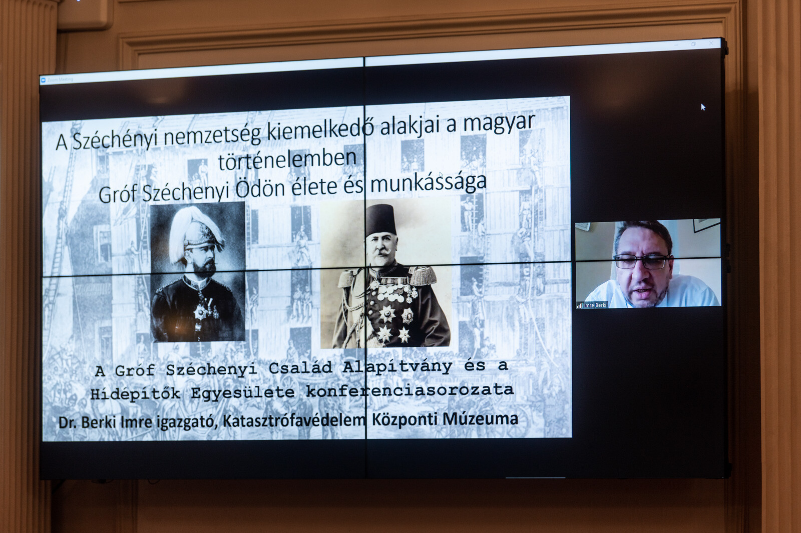 Gróf Széchenyi Ödönről, a magyar és oszmán hivatásos tűzoltóság megteremtőjéről és Széchenyi István fiáról Dr. Berki Imre, a Katasztrófavédelem Központi Múzeumának igazgatója tartott előadást, aki részletesen beszélt a nemcsak számos teljesítményt elért, de kifejezetten érdekfeszítő életpályát is befutott arisztokratáról.
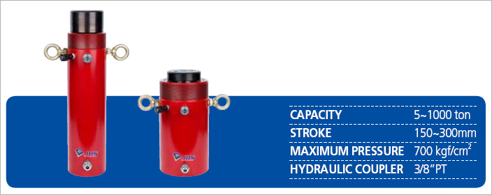 As the hydraulic pressure inlet is separated, it operates in the double acting mode. It is suitable for large rams.
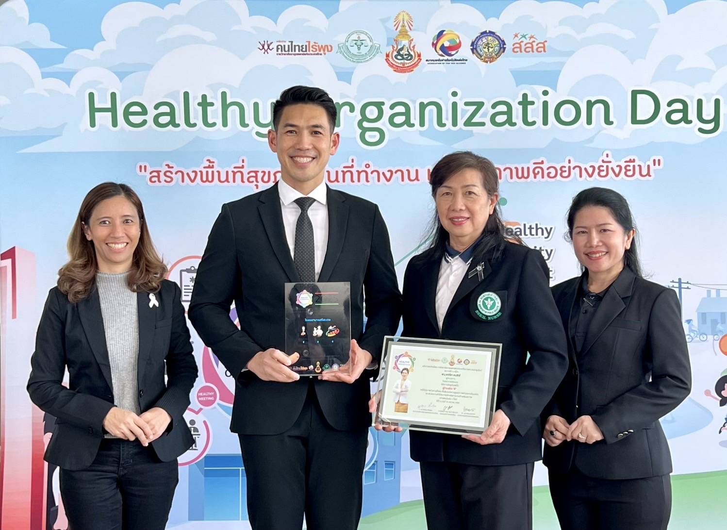 นางสาวปิยมาศ จำรัสธนสาร รองผู้อำนวยการฝ่ายการพยาบาล พร้อมด้วยคณะผู้บริการ ร่วมงาน Healthy Organization Day และพิธีมอบรางวัล Healthy Organization Award
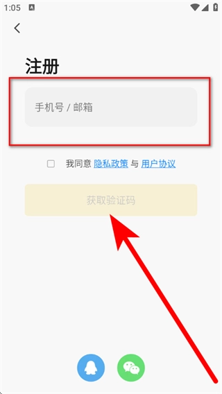 3、进入注册页面后,填写手机号与邮箱信息,勾选相关选项,再点击“获取验证码”按钮。
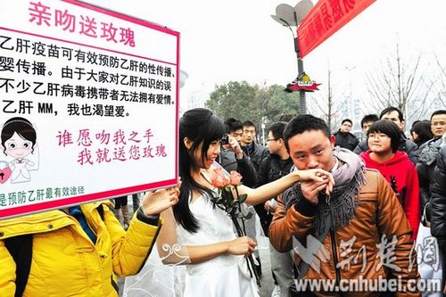 楚天金报讯 记者饶纯武、刘蔚丹、肖清清 实习生张衡报道:谁愿吻我之手,我就送您玫瑰。昨日,武昌光谷广场上,一名乙肝女孩举起“亲吻送玫瑰”的宣传牌,10朵象征爱情的玫瑰半小时就全部送出。
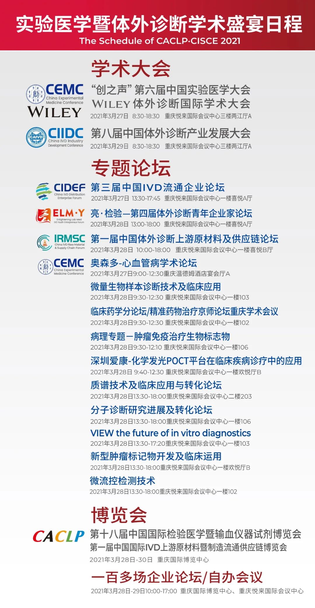 由智奥瑞和(上海)展览有限公司主办的第十八届中国国际检验医学暨输血仪器试剂博览会(简称“CACLP”)、第一届中国国际IVD上游原材料暨制造流通供应链博览会(简称“CISCE”)将于2021年3月28日-30日在重庆国际博览中心举行。
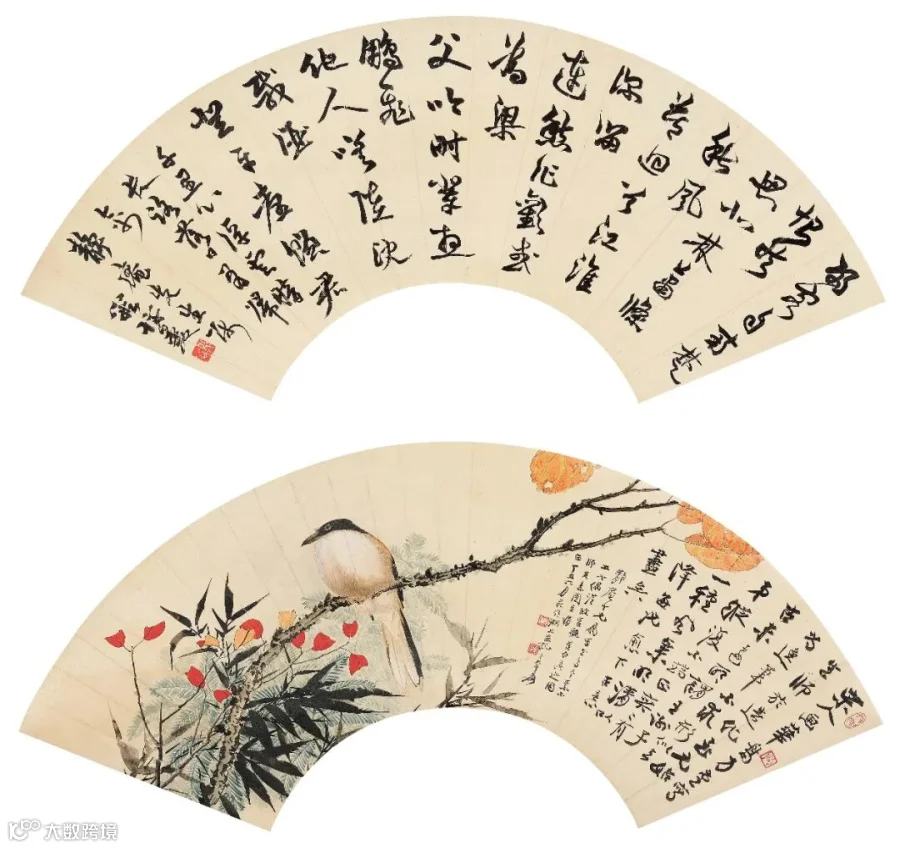 LOT 2275 张大千 罗复堪 仿崔白花鸟•行书「别王彻诗」 立轴
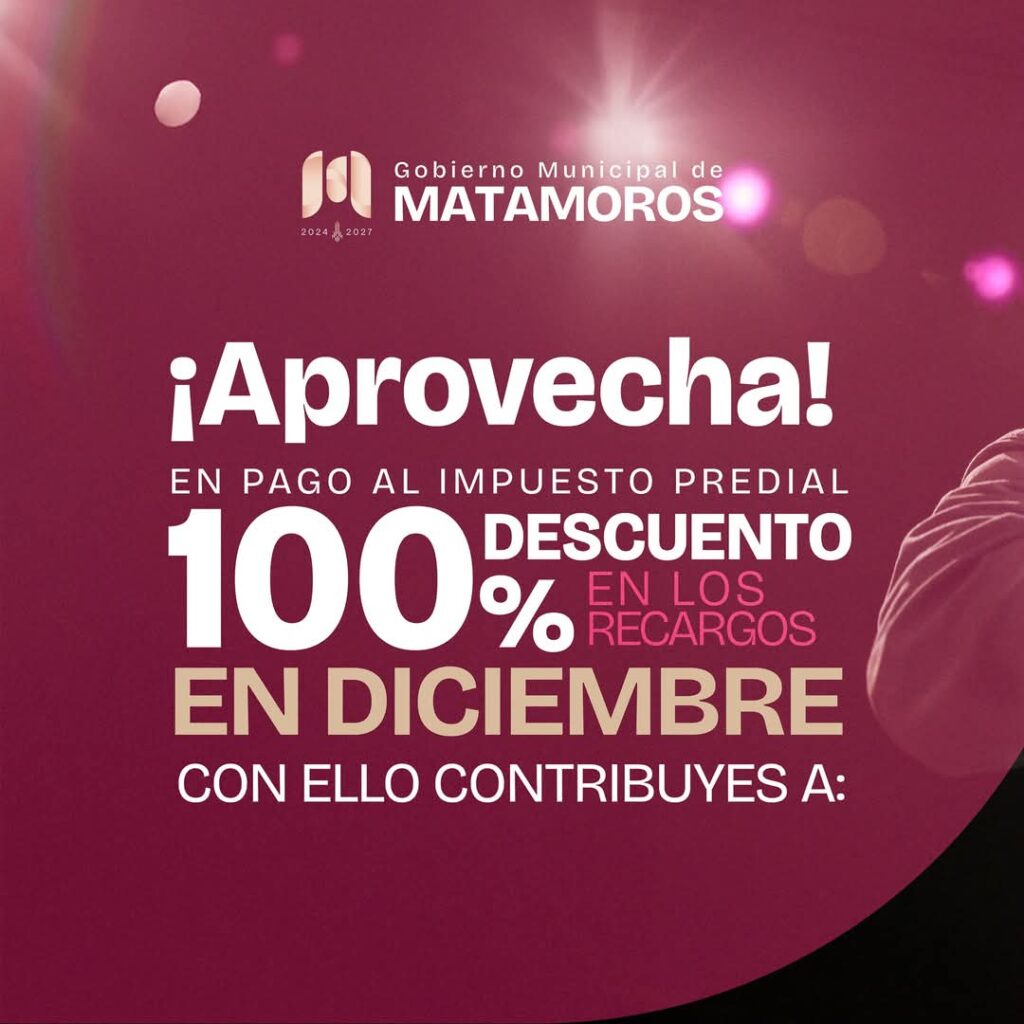 Durante este mes de diciembre, se está ofreciendo un descuento del 100% en los recargos de este impuesto, incentivando a los matamorenses a regularizarse y contribuir al mejoramiento de su comunidad.
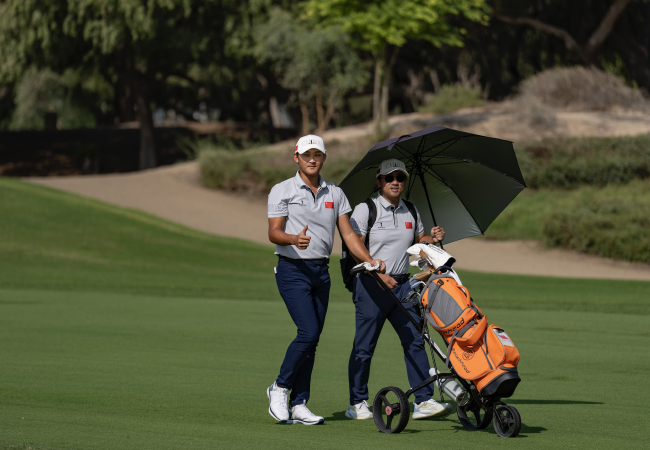 北京时间10月22日,2025年亚太业余锦标赛在迪拜阿联酋高尔夫俱乐部进入赛前最后一个练习日。七位中国内地球员:昌熙桓、侯增昊、王浩一、于瀚杰、曾国林、吴其佑、周子勤,在议会球场进行试场,为正赛做最后的准备。
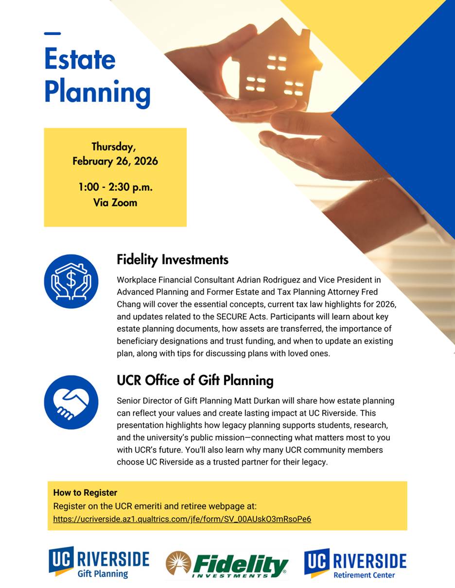 the UCR Office of Gift Planning on *Thursday, February 26, 2026 from 1:00 –
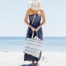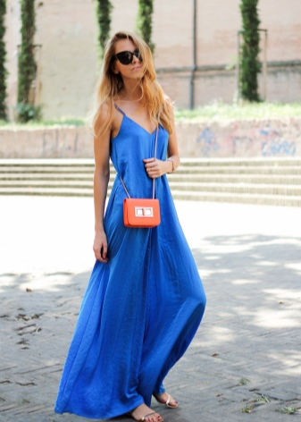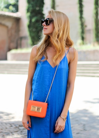A cobalt sundress on the floor can be supplemented with a bright orange bag on a chain, and get an incredibly spectacular summer look. For shoes, go for flat sandals and complete your look with stylish jewelry and sunglasses.
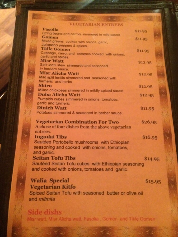 A choice of dishes from the above vegetarian entrees. Add ingudai tibs, seitan tofu tibs for an additional charge.
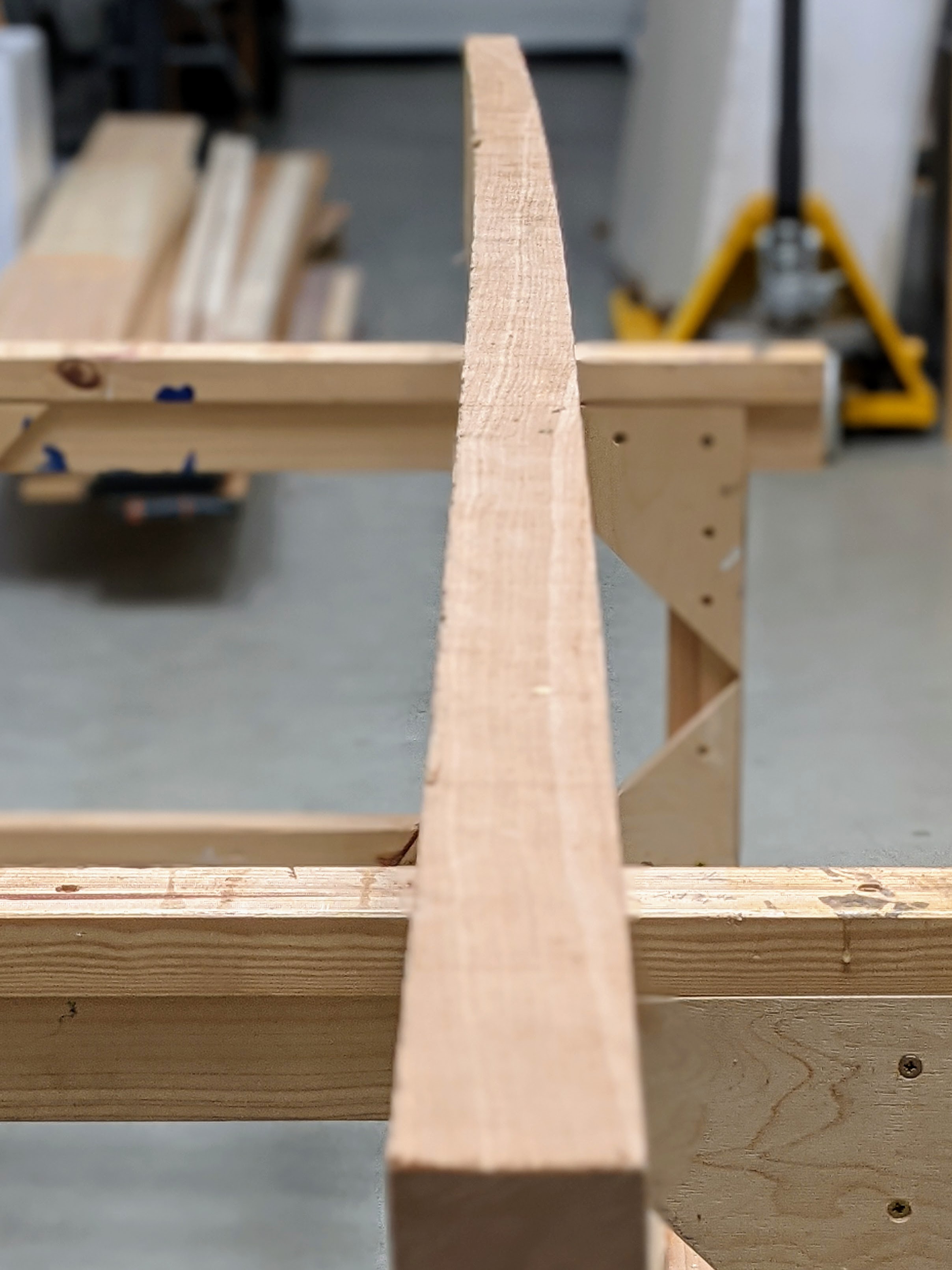 I prefer not to use the practice because such a technique works best with narrow sections of wood rather than the wide boards I prefer. In most cases, should the board curve in a continuous arc, the arc can readily be pulled to flatness without overstraining the wood. We often do this with a tabletop to say a table apron where we use turnbuttons or enclose the edges of a panel into a grooved frame.
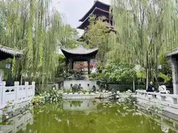 Every city has its own park. The Chengdu Garden is based on Du Fu's "Flowers weigh down the Jin Guan City," with red walls, bamboo shadows, and hibiscus blooming, recreating the beauty of western Sichuan gardens.
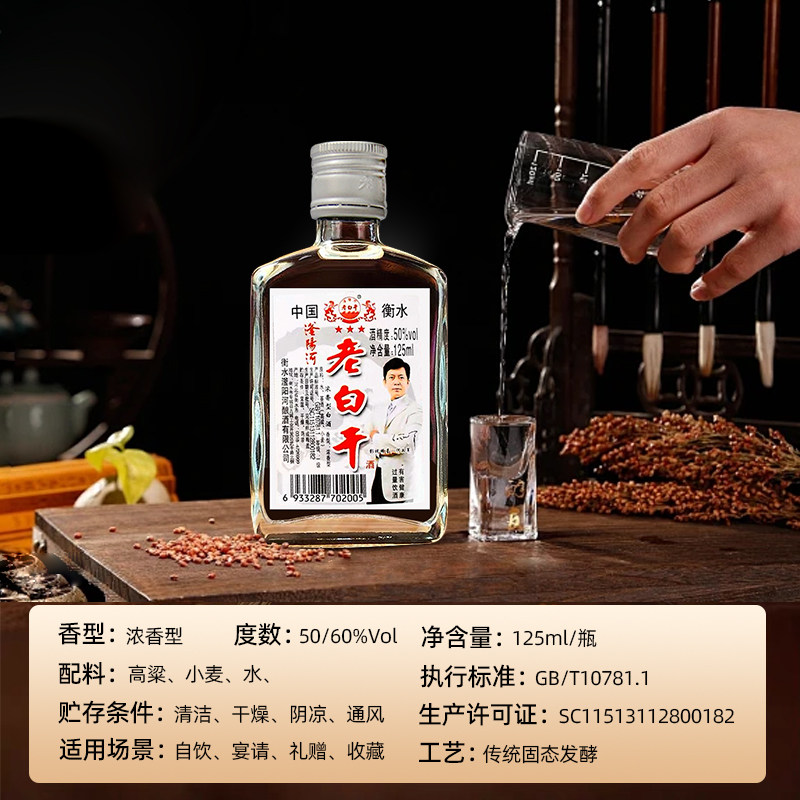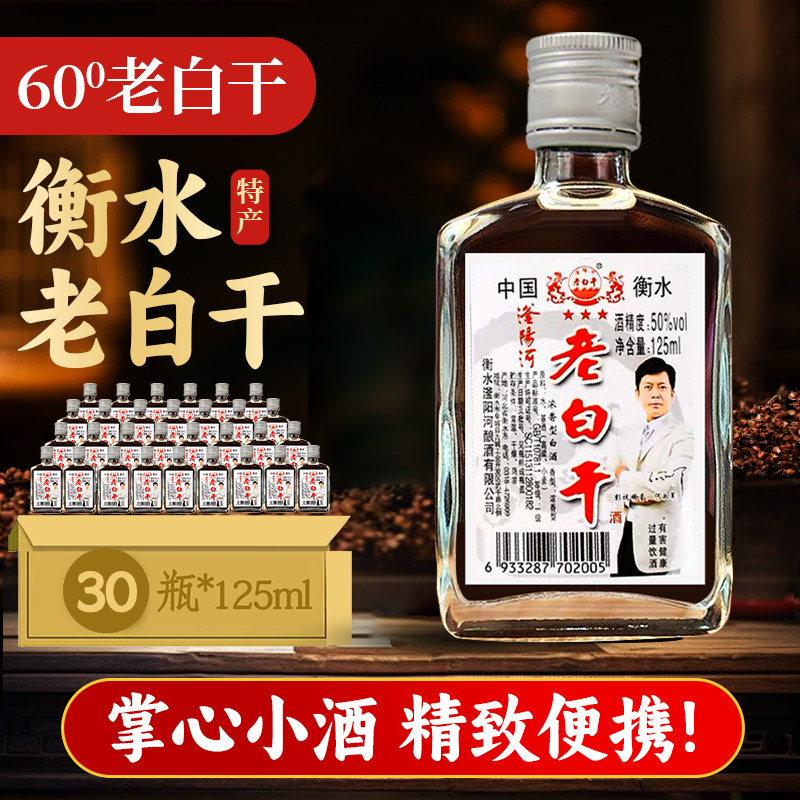 老白干50/60/68度125ml小瓶装纯粮食白酒整箱衡水特产高度高粱酒
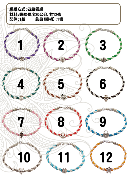 蠶絲蠟線DIY編織手環材料包-12(A006)
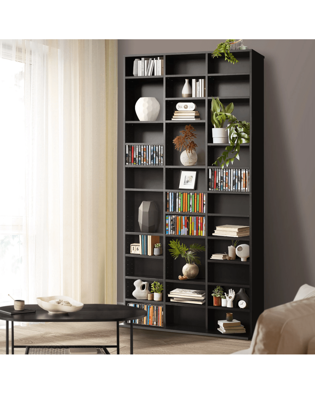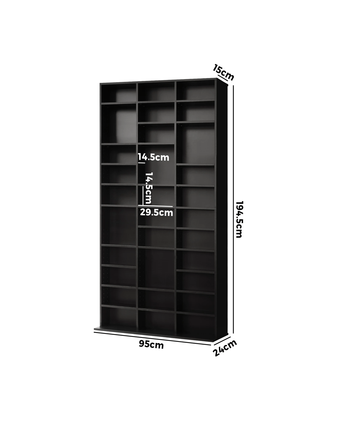 Oikiture Bookshelf Display Shelf Bookcase Cd Dvd Storage Media Rack Stand - Black
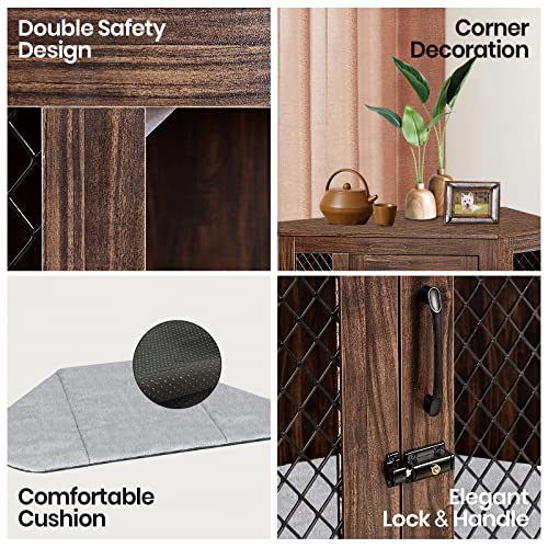 [Perfect Corner Design]: The new furniture-style corner dog crate uses a unique corner design to make full use of the limited space, turning the incompletely used corner into a warm and comfortable private space for dogs. Keep the room neat and orderly while meeting the dog’s resting needs[Carefully Selected Quality Materials]: Our furniture corner dog crate is made of top grade P2 MDF board and Q195 high grade iron,which ensures the sturdiness and stability for long term use.Top P2 grade MDF board has passed EPA certification,safe,non-toxic and tasteless,can be assured that your pet use,reliable quality makes the service life of another grade.Q195 heavy-duty rust-proof treated iron is stable,reliable and durable,and the surface mesh design provides the necessary breathability
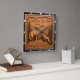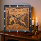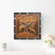 Engraved Wolf Pair Orange Mountain Square Wall Clock
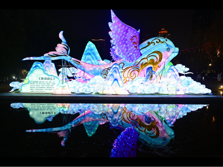 本屆燈會(huì)精心布局26個(gè)點(diǎn)位,展出彩燈造型約81余組,規(guī)模宏大、主題鮮明、設(shè)計(jì)精巧。燈組整體融合傳統(tǒng)元素與現(xiàn)代審美,既有對(duì)中華優(yōu)秀傳統(tǒng)文化的致敬,也有對(duì)宜昌本土文化的深度挖掘。
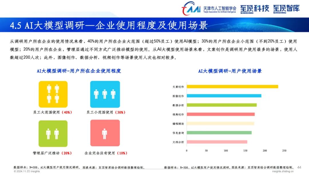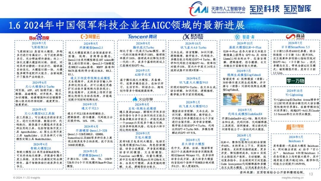 2024年,生成式AI已全面进入应用规模化推广,探索新场景和商业模式的新发展阶段。伴随AI大模型的普及程度不断加深,AIGC产业发展重点从去年关注度最高的模型层向场景应用层转变。AIGC为营销、传媒、金融、医疗、教育、娱乐、办公、制造、科学发现等多个领域带来前所未有的变革。搭载大模型的AI PC、AI手机、智能汽车相继推出,为用户带来更加便捷的使用体验。此外,具身智能也成为今年关注度颇高的领域,未来AI模型与人形机器人将密切融合,产生更多应用场景与商业机会。

__What is needed__: In the records above, find the line with "A choice of" and the line with "I prefer not". Write out exactly those lines and every one between, with no pictures and no other lines.

__Output of the task__:
 A choice of dishes from the above vegetarian entrees. Add ingudai tibs, seitan tofu tibs for an additional charge.
 I prefer not to use the practice because such a technique works best with narrow sections of wood rather than the wide boards I prefer. In most cases, should the board curve in a continuous arc, the arc can readily be pulled to flatness without overstraining the wood. We often do this with a tabletop to say a table apron where we use turnbuttons or enclose the edges of a panel into a grooved frame.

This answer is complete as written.